• INFORMATION PROVIDED
________________

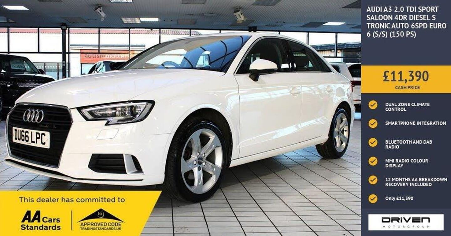AUDI A3 2.0 TDI SPORT SALOON 4DR DIESEL S TRONIC AUTO FINISHED IN IBIS WHITE AND COMPLIMENTED WITH ALCANTARA BLACK LEATHER INTERIOR, THIS VEHICLE HAS BEEN VERY WELL CARED FOR AND MAINTAINED WITH DOCUMENTED SERVICE HISTORY PLUS COMPREHENSIVE PRE DELIVERY HEALTH CHECK AND SERVICE COMPLETED PRIOR TO SALE AT 66249 MILES. KEY FEATURES INCLUDE ALLOY WHEELS, ALARM, AUDI SMARTPHONE INTEGRATION, BLUETOOTH, CD DRIVE, CRUISE CONTROL, AUX IN, DAB RADIO, ELECTRIC ADJUSTABLE HEATED DOOR MIRRORS WITH INTEGRATED LED INDICATORS, DUAL ZONE CLIMATE CONTROL, IMMOBILISER, SD CARD BASED SATALLITE NAVIGATION, MMI RADIO PLUS, RETRACTABLE COLOUR MMI SCREEN, XENON HEADLIGHTS PLUS MUCH MORE. COMMITTED TO AA CARS STANDARDS: 3 MONTHS OR 3000 MILES WARRANTY INCLUDED WITH AN OPTION TO UPGRADE: 12 MONTHS AA BREAKDOWN RECOVERY INCLUDED: £75.00 CONTRIBUTION TOWARDS YOUR NEXT SERVICE/MOT AT ANY AA CARS STANDARD APPROVED WORKSHOP: WE STAND BY THE QUALITY OF OUR VEHICLES. WITH THE PURCHASE OF THIS VEHICLE, YOU WILL RECEIVE 3 MONTHS OR 3000 WARRANTY, 12 MONTHS AA BREAKDOWN RECOVERY, GIVING YOU ADDITIONAL PEACE OF MIND AND PROTECTION. ALL OUR CARS COME WITH AT LEAST 6 MONTHS MOT AND PRE SALE HEALTH CHECK AND ROAD TEST. OUR PROFESSIONAL TEAM ENSURES YOUR VEHICLE STAYS IN TOP CONDITION, AND YOU ENJOY A HASSLE-FREE OWNERSHIP EXPERIENCE. 4.7 STARS ON GOOGLE WITH OVER 550 REVIEWS: JOIN OUR COMMUNITY OF SATISFIED CUSTOMERS! OUR DEALERSHIP IS PROUD TO HAVE A 4.7 STAR RATING ON GOOGLE, BACKED BY OVER 550 POSITIVE REVIEWS. WE ARE COMMITTED TO PROVIDING EXCELLENT SERVICE AND HIGH-QUALITY VEHICLES. This Vehicle Comes Equipped with High Specification, Which Includes: - Drive this car home with complete confidence and satisfaction: All cars proudly offered by driven group are rigorously inspected, hpi checked and prepared to the highest standard To drive this car home, visit www.drivegroup.co.uk or call 01642-601999 to arrange an appointment with our sales team Please note we do not operate an organised distance selling scheme as defined by the consumer contracts (cancellation, information and additional charges) regulations 2013. Therefore, even if you choose to not view your vehicle at our premises prior to purchase,you will not be entitled to cancel your order under any 14 day cancellation period. All other statutory rights remain unaffected. Whilst every effort has been made to ensure the accuracy of the information contained in this website, please check with us about any item which may affect your decision to purchase. Driven motor group shall not be liable for any errors, inaccuracies or delays in content.
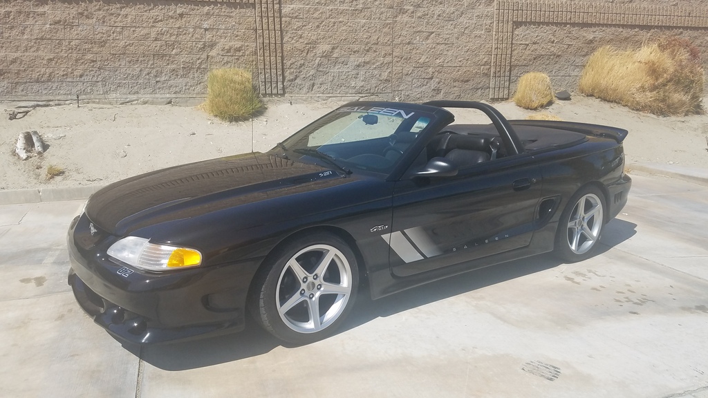 1997 FORD MUSTANG SALEEN S281 BUDGET CONVERTIBLE - AS PER THE SALEEN REGISTRY THIS BLACK EXTERIOR/BLACK INTERIOR CONVERTIBLE WITH SILVER GRAPHICS WAS MANUFACTURED IN JULY OF 1996 IN THE IRVINE, CALIFORNIA SALEEN FACTORY AND THE ORIGINAL DEALER WAS RACEWAY FORD IN RIVERSIDE, CALIFORNIA. IT WAS MANUFACTURED WITH THE FOLLOWING OPTIONS: SPORT BAR AND MAGNESIUM WHEELS. THE RECORDS ALSO INDICATE THIS PARTICULAR SALEEN IS 1 OF 6 WITH THESE EXACT COLORS AND OPTIONS. THERE WERE 128 BUDGET RENTAL SALEENS EVER BUILT (ONLY FROM 1996-1998). THIS IS ONE OF THE VERY FEW (BELIEVED TO BE 3) BUDGET RENTAL EXECUTIVE CARS THAT WAS NEVER PUT INTO THE RENTAL FLEET. A BUDGET EXECUTIVE DROVE INITIALLY AND PURCHASED THE SALEEN FOR HIMSELF IN 1998. HE OWNED THE CAR UNTIL 2013 WHEN HE PASSED AWAY FROM A SUDDEN HEART ATTACK LEAVING THE CAR TO HIS SISTER WHO OWNED IT UNTIL 2015. THIS IS ONE OF THE NICEST, IF NOT THE NICEST ORIGINAL PAINT, UNMODIFIED, COLLECTOR QUALITY SALEEN S281 BUDGET RENTAL CARS BUILT IN THE WORLD. THIS IS A REALLY AMAZING UN-RESTORED VEHICLE THAT HAS BEEN IN CALIFORNIA ITS ENTIRE EXISTENCE AND ONLY DRIVEN SPARINGLY AND ON NICE DAYS. THE ORIGINAL SALEEN EXCLUSIVE BORLA STAINLESS STEEL 2.5” MADREL BENT EXHAUST WITH MACHINE GUN INTER-COOLED TAILPIPE. EXHAUST LOOKS LIKE NEW AND STILL HAS THAT COOL DEEP BURBLE SOUND. SALEEN CAR COLLECTOR AND EXPERT ALEX MACKENZIE FROM PALM SPRINGS WHO HAS OWNED OVER 100 SALEENS, SHELBYS, MACH ONES OVER 25 YEARS WENT COMPLETELY THROUGH THE VEHICLE BOTH COSMETICALLY AND MECHANICALY IN 2019: • PROFESSIONALLY REMOVED AND STRIPPED THE FRONT BUMPER TO BARE URETHANE, RE-PRIMED AND PAINTED WITH 3 COATS OF BASE AND 3 COATS OF CLEAR. A NEW #82 BUMPER STICKER WAS APPLIED TO ORIGINAL LOCATION • NEW FRONT STRUTS, POLYURETHANE SWAY BAR END LINKS AND FRESH ALIGNMENT • ALL FRESH FLUIDS FROM FRONT TO BACK AND ALL NEW FILTERS AND BRAKES AND SERPERTINE BELT. • COMPLETE AIR CONDITION SYSTEM REBUILDING ORIGINAL COMPRESSOR AND CLUTCH, ALL NEW O RINGS, FLUSH, NEW ORIFICE TUBE AND FRESH OIL/FREON. • ORIGINAL WINDOW STICKER AND CONSOLE PLAQUE ON ORDER FROM SALEEN –DID NOT COME WITH ANY RENTAL CARS BUT COULD BE ORDERED BY NEW OWNERS • NOS MOMO ORIGINAL SHIFT KNOB AND SET OF NOS ORIGINAL S281 FLOOR MATS • NEW CLUTCH, PRESSURE PLATE, BEARINGS AND SYNCROS IN OCTOBER OF 2019
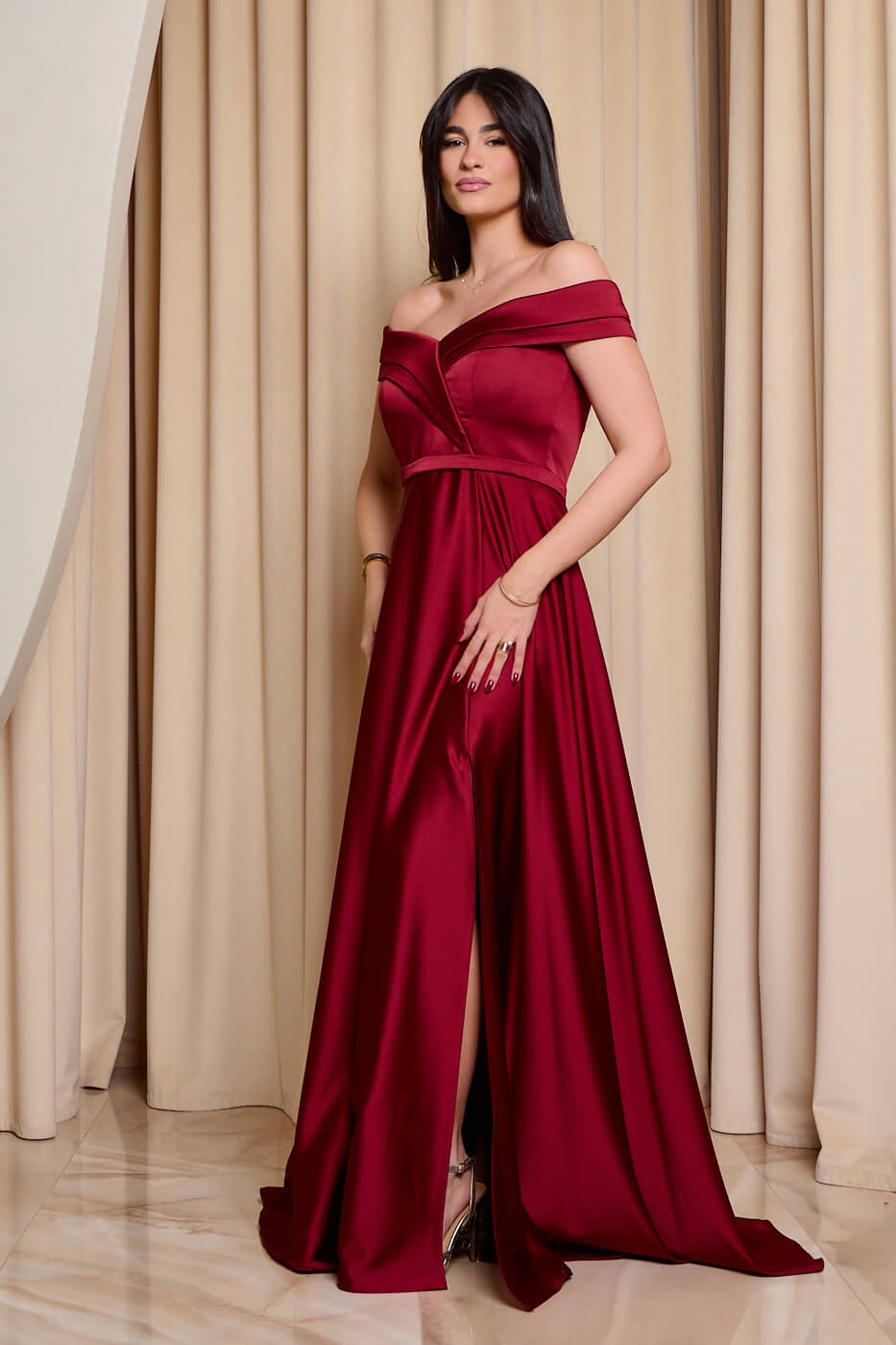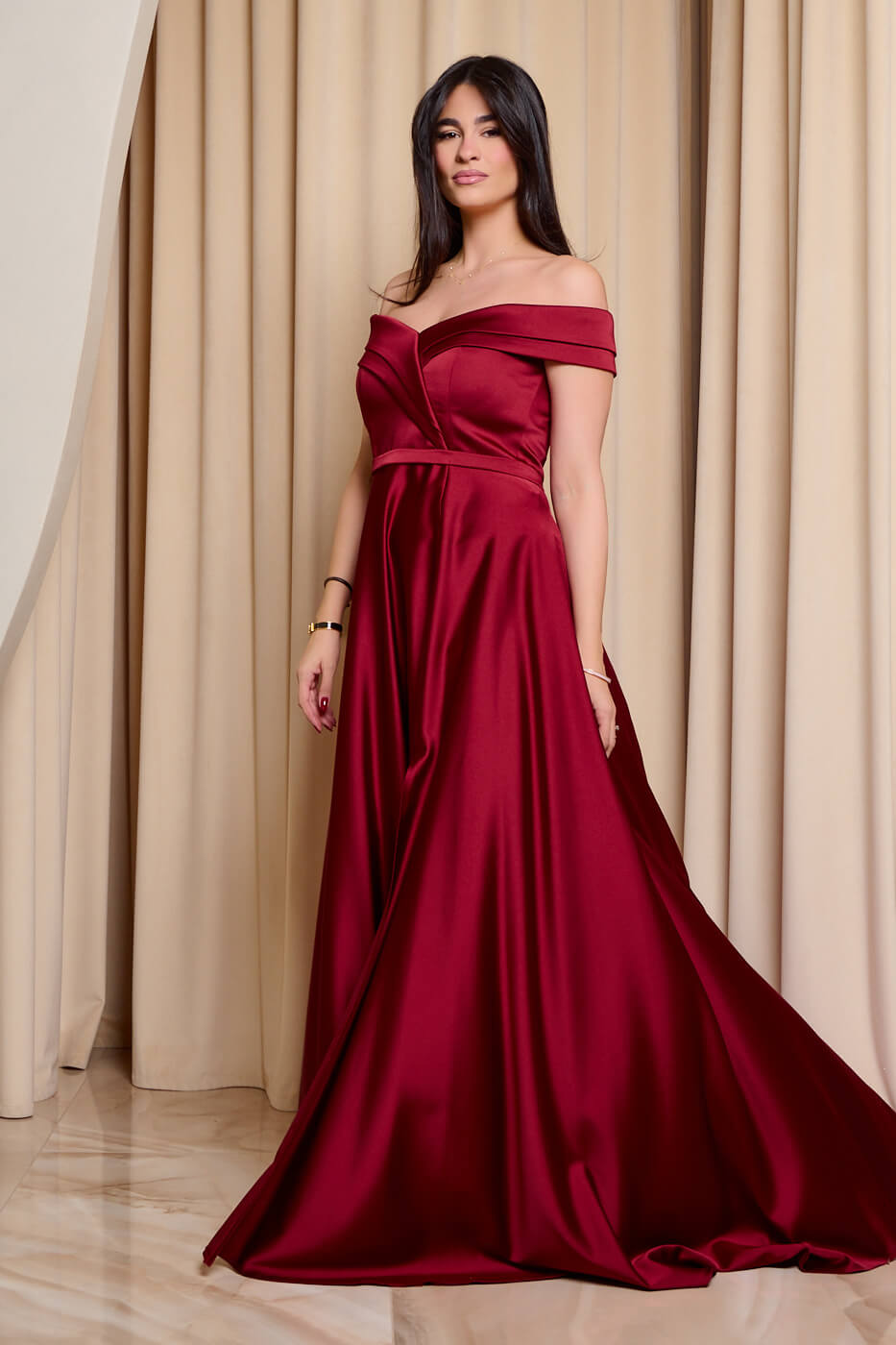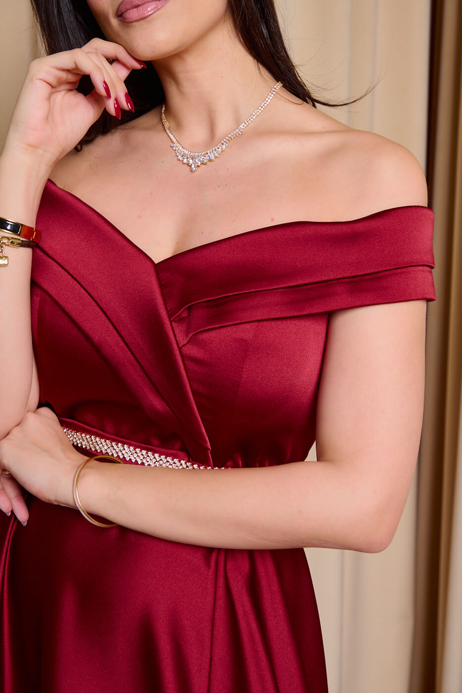 Φόρεμα maxi off shoulder σατέν με κρουαζέ μπούστο βουργουνδί

________________

• EXERCISE AIM
Reproduce the listing above exactly, excluding all pictures.

• TASK ANSWER
AUDI A3 2.0 TDI SPORT SALOON 4DR DIESEL S TRONIC AUTO FINISHED IN IBIS WHITE AND COMPLIMENTED WITH ALCANTARA BLACK LEATHER INTERIOR, THIS VEHICLE HAS BEEN VERY WELL CARED FOR AND MAINTAINED WITH DOCUMENTED SERVICE HISTORY PLUS COMPREHENSIVE PRE DELIVERY HEALTH CHECK AND SERVICE COMPLETED PRIOR TO SALE AT 66249 MILES. KEY FEATURES INCLUDE ALLOY WHEELS, ALARM, AUDI SMARTPHONE INTEGRATION, BLUETOOTH, CD DRIVE, CRUISE CONTROL, AUX IN, DAB RADIO, ELECTRIC ADJUSTABLE HEATED DOOR MIRRORS WITH INTEGRATED LED INDICATORS, DUAL ZONE CLIMATE CONTROL, IMMOBILISER, SD CARD BASED SATALLITE NAVIGATION, MMI RADIO PLUS, RETRACTABLE COLOUR MMI SCREEN, XENON HEADLIGHTS PLUS MUCH MORE. COMMITTED TO AA CARS STANDARDS: 3 MONTHS OR 3000 MILES WARRANTY INCLUDED WITH AN OPTION TO UPGRADE: 12 MONTHS AA BREAKDOWN RECOVERY INCLUDED: £75.00 CONTRIBUTION TOWARDS YOUR NEXT SERVICE/MOT AT ANY AA CARS STANDARD APPROVED WORKSHOP: WE STAND BY THE QUALITY OF OUR VEHICLES. WITH THE PURCHASE OF THIS VEHICLE, YOU WILL RECEIVE 3 MONTHS OR 3000 WARRANTY, 12 MONTHS AA BREAKDOWN RECOVERY, GIVING YOU ADDITIONAL PEACE OF MIND AND PROTECTION. ALL OUR CARS COME WITH AT LEAST 6 MONTHS MOT AND PRE SALE HEALTH CHECK AND ROAD TEST. OUR PROFESSIONAL TEAM ENSURES YOUR VEHICLE STAYS IN TOP CONDITION, AND YOU ENJOY A HASSLE-FREE OWNERSHIP EXPERIENCE. 4.7 STARS ON GOOGLE WITH OVER 550 REVIEWS: JOIN OUR COMMUNITY OF SATISFIED CUSTOMERS! OUR DEALERSHIP IS PROUD TO HAVE A 4.7 STAR RATING ON GOOGLE, BACKED BY OVER 550 POSITIVE REVIEWS. WE ARE COMMITTED TO PROVIDING EXCELLENT SERVICE AND HIGH-QUALITY VEHICLES. This Vehicle Comes Equipped with High Specification, Which Includes: - Drive this car home with complete confidence and satisfaction: All cars proudly offered by driven group are rigorously inspected, hpi checked and prepared to the highest standard To drive this car home, visit www.drivegroup.co.uk or call 01642-601999 to arrange an appointment with our sales team Please note we do not operate an organised distance selling scheme as defined by the consumer contracts (cancellation, information and additional charges) regulations 2013. Therefore, even if you choose to not view your vehicle at our premises prior to purchase,you will not be entitled to cancel your order under any 14 day cancellation period. All other statutory rights remain unaffected. Whilst every effort has been made to ensure the accuracy of the information contained in this website, please check with us about any item which may affect your decision to purchase. Driven motor group shall not be liable for any errors, inaccuracies or delays in content.
 1997 FORD MUSTANG SALEEN S281 BUDGET CONVERTIBLE - AS PER THE SALEEN REGISTRY THIS BLACK EXTERIOR/BLACK INTERIOR CONVERTIBLE WITH SILVER GRAPHICS WAS MANUFACTURED IN JULY OF 1996 IN THE IRVINE, CALIFORNIA SALEEN FACTORY AND THE ORIGINAL DEALER WAS RACEWAY FORD IN RIVERSIDE, CALIFORNIA. IT WAS MANUFACTURED WITH THE FOLLOWING OPTIONS: SPORT BAR AND MAGNESIUM WHEELS. THE RECORDS ALSO INDICATE THIS PARTICULAR SALEEN IS 1 OF 6 WITH THESE EXACT COLORS AND OPTIONS. THERE WERE 128 BUDGET RENTAL SALEENS EVER BUILT (ONLY FROM 1996-1998). THIS IS ONE OF THE VERY FEW (BELIEVED TO BE 3) BUDGET RENTAL EXECUTIVE CARS THAT WAS NEVER PUT INTO THE RENTAL FLEET. A BUDGET EXECUTIVE DROVE INITIALLY AND PURCHASED THE SALEEN FOR HIMSELF IN 1998. HE OWNED THE CAR UNTIL 2013 WHEN HE PASSED AWAY FROM A SUDDEN HEART ATTACK LEAVING THE CAR TO HIS SISTER WHO OWNED IT UNTIL 2015. THIS IS ONE OF THE NICEST, IF NOT THE NICEST ORIGINAL PAINT, UNMODIFIED, COLLECTOR QUALITY SALEEN S281 BUDGET RENTAL CARS BUILT IN THE WORLD. THIS IS A REALLY AMAZING UN-RESTORED VEHICLE THAT HAS BEEN IN CALIFORNIA ITS ENTIRE EXISTENCE AND ONLY DRIVEN SPARINGLY AND ON NICE DAYS. THE ORIGINAL SALEEN EXCLUSIVE BORLA STAINLESS STEEL 2.5” MADREL BENT EXHAUST WITH MACHINE GUN INTER-COOLED TAILPIPE. EXHAUST LOOKS LIKE NEW AND STILL HAS THAT COOL DEEP BURBLE SOUND. SALEEN CAR COLLECTOR AND EXPERT ALEX MACKENZIE FROM PALM SPRINGS WHO HAS OWNED OVER 100 SALEENS, SHELBYS, MACH ONES OVER 25 YEARS WENT COMPLETELY THROUGH THE VEHICLE BOTH COSMETICALLY AND MECHANICALY IN 2019: • PROFESSIONALLY REMOVED AND STRIPPED THE FRONT BUMPER TO BARE URETHANE, RE-PRIMED AND PAINTED WITH 3 COATS OF BASE AND 3 COATS OF CLEAR. A NEW #82 BUMPER STICKER WAS APPLIED TO ORIGINAL LOCATION • NEW FRONT STRUTS, POLYURETHANE SWAY BAR END LINKS AND FRESH ALIGNMENT • ALL FRESH FLUIDS FROM FRONT TO BACK AND ALL NEW FILTERS AND BRAKES AND SERPERTINE BELT. • COMPLETE AIR CONDITION SYSTEM REBUILDING ORIGINAL COMPRESSOR AND CLUTCH, ALL NEW O RINGS, FLUSH, NEW ORIFICE TUBE AND FRESH OIL/FREON. • ORIGINAL WINDOW STICKER AND CONSOLE PLAQUE ON ORDER FROM SALEEN –DID NOT COME WITH ANY RENTAL CARS BUT COULD BE ORDERED BY NEW OWNERS • NOS MOMO ORIGINAL SHIFT KNOB AND SET OF NOS ORIGINAL S281 FLOOR MATS • NEW CLUTCH, PRESSURE PLATE, BEARINGS AND SYNCROS IN OCTOBER OF 2019
 Φόρεμα maxi off shoulder σατέν με κρουαζέ μπούστο βουργουνδί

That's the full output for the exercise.